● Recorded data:

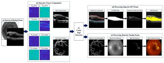 Extraction of clinically significant ME pathological symptoms. (a) Denoised retinal scans; (b) structure tensors computation stage; (c) detection of edges using the canny edge detection method; (d) processing steps for OCT scans and (e) processing steps for fundus scans.
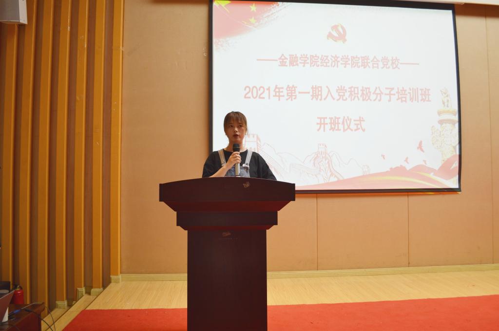 王建明书记在开班仪式上致辞,希望同学们珍惜此次学习机会,通过培训全面提高思想政治素质,并将学习所得内化于心、外化于行,端正入党动机,以实际行动争取早日加入中国共产党。学员代表经济学院18经济学二班赵海娟同学发言,倡议全体学员高度重视本次培训,遵守培训纪律,仔细聆听课程讲解,做好笔记,课后积极开展自学,共同营造积极向上的学习氛围。培训班班主任兰丽娟老师宣布了培训课程安排及纪律要求。本次联合党校由beat365在线唯一官网和经济学院分党校共同举办,共176名学员参加,培训课程共三天,分为两次专题讲座、四次党课以及两次视频学习和互动交流,节奏紧凑、内容丰富。
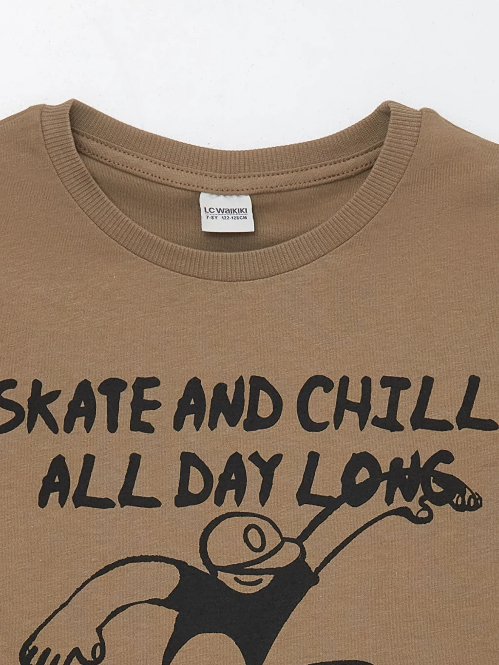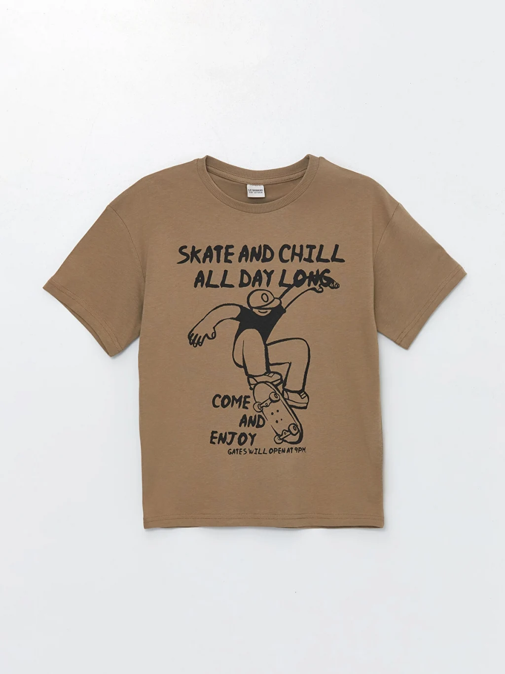 Bisiklet yaka ve kısa kollu erkek çocuk tişört, %100 pamuklu penye kumaştan üretilmiştir. Rahat kalıplı tişörtün ön yüzü baskılıdır.
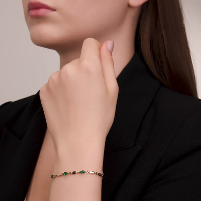 Браслет с 3 гидротермальными изумрудами, 0.56 карат, тип огранки Б; Розовое золото 585 пробы.
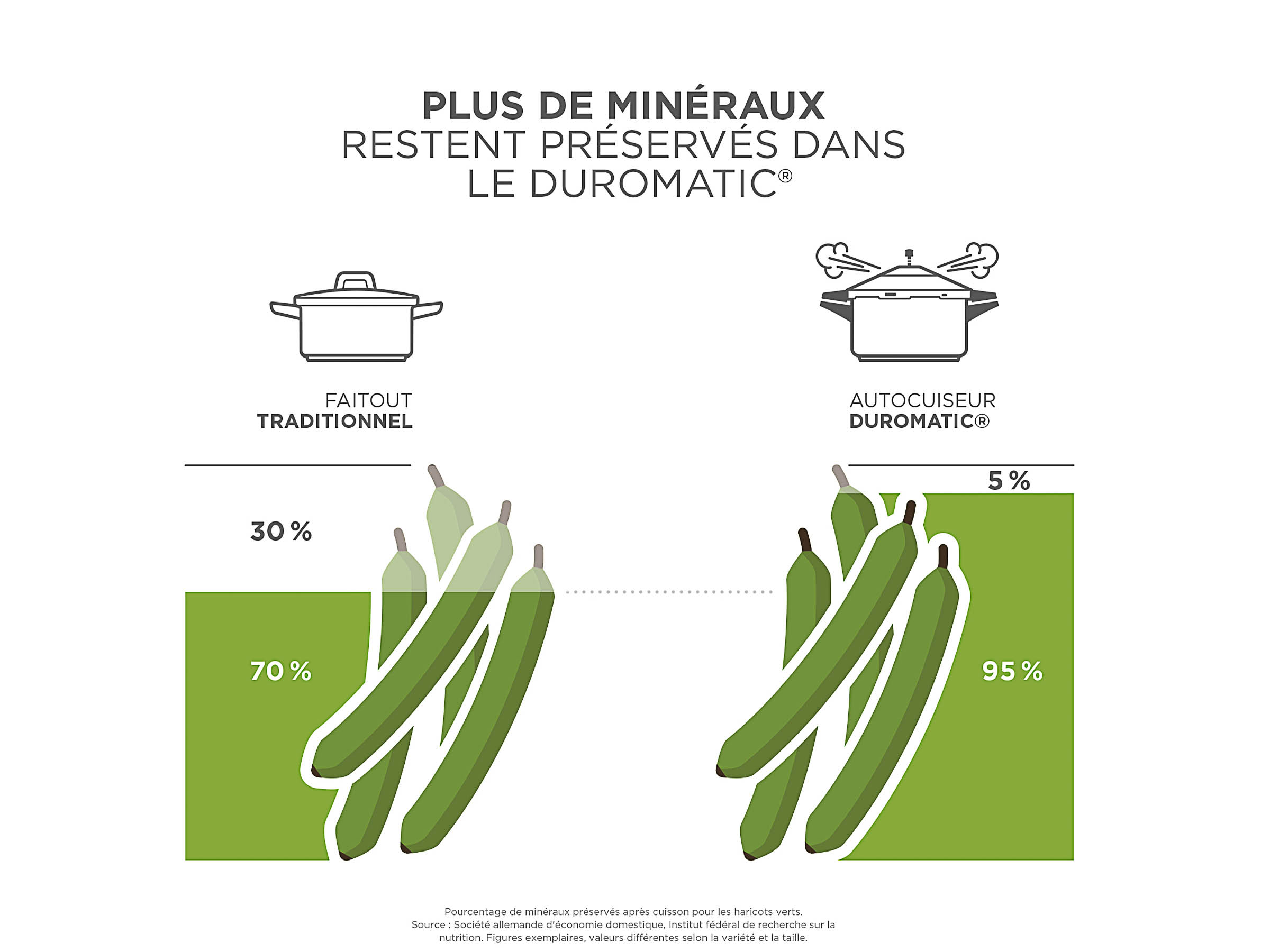 La fondation Warentest le montre également : dans les haricots verts, la cuisson à la vapeur préserve environ 36 % de minéraux en plus que la cuisson traditionnelle. Vous obtenez ainsi plus de ce qui compte vraiment.

● Brief: Extract every line of the data exactly; pictures stay out.

● Answer for this exercise:
 Extraction of clinically significant ME pathological symptoms. (a) Denoised retinal scans; (b) structure tensors computation stage; (c) detection of edges using the canny edge detection method; (d) processing steps for OCT scans and (e) processing steps for fundus scans.
 王建明书记在开班仪式上致辞,希望同学们珍惜此次学习机会,通过培训全面提高思想政治素质,并将学习所得内化于心、外化于行,端正入党动机,以实际行动争取早日加入中国共产党。学员代表经济学院18经济学二班赵海娟同学发言,倡议全体学员高度重视本次培训,遵守培训纪律,仔细聆听课程讲解,做好笔记,课后积极开展自学,共同营造积极向上的学习氛围。培训班班主任兰丽娟老师宣布了培训课程安排及纪律要求。本次联合党校由beat365在线唯一官网和经济学院分党校共同举办,共176名学员参加,培训课程共三天,分为两次专题讲座、四次党课以及两次视频学习和互动交流,节奏紧凑、内容丰富。
 Bisiklet yaka ve kısa kollu erkek çocuk tişört, %100 pamuklu penye kumaştan üretilmiştir. Rahat kalıplı tişörtün ön yüzü baskılıdır.
 Браслет с 3 гидротермальными изумрудами, 0.56 карат, тип огранки Б; Розовое золото 585 пробы.
 La fondation Warentest le montre également : dans les haricots verts, la cuisson à la vapeur préserve environ 36 % de minéraux en plus que la cuisson traditionnelle. Vous obtenez ainsi plus de ce qui compte vraiment.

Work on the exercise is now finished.